I consider good any post from which I learn new stuff or makes me consider
[reasonable] view points I hadn't considered before. With this criterion ,
comp.lang.lisp had plenty of those although the overall activity is lower
than what it used to be in years past. Also , any on topic post will receive
replies so I think it's absurd to call the group dead.

For a very recent example , what do you think of <lz4llti...@gnu.org> ?
I think it's a very good post. It is mainly a general algorithmic one rather
than Lisp specific but who cares , you saw it here first.

> comp.object died several years ago because people moved onto better
> things,

Yeah , functional is the new black.

> newsgroup to forums and IRC, OO to something else. AI and
> Robotics boom (2nd boom to be exact) has finally come after a long gap,
> Machine Learning, Deep Learning and Neural Networks are the buzzwords
> these days. Lisp is the language of AI, Uncle John McCarthy created it to
> solve AI problems in first place and I was expecting this newsgroup to
> be much busier now. But what happened ?

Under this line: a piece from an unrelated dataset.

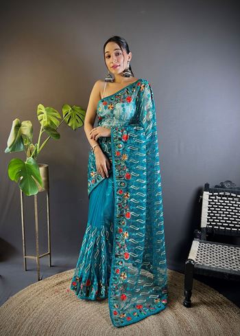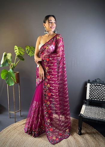 This saree comes with a matching magenta net blouse, designed to complement the embroidered details of the drape seamlessly. The soft, breathable net fabric allows effortless draping and ensures all-day comfort, so you can carry your look with ease and elegance. Pair it with statement earrings, high heels, and a stylish clutch to create a glamorous ensemble that blends traditional beauty with a modern touch.

Are you sure that's why he created it ? I thought he was just doing theoretical
work and someone else [a student of his ?] used that to write an actual working
Lisp interpreter.

Anyway , as has been pointed out on this group many times , many of the
aspects which made Lisp languages special , other languages now have them
too. To my surprise , many people [including Peter Norvig apparently] aren't
that bothered about powerful metaprogramming facilities. The latter was one
of the main things which attracted me to Lisp.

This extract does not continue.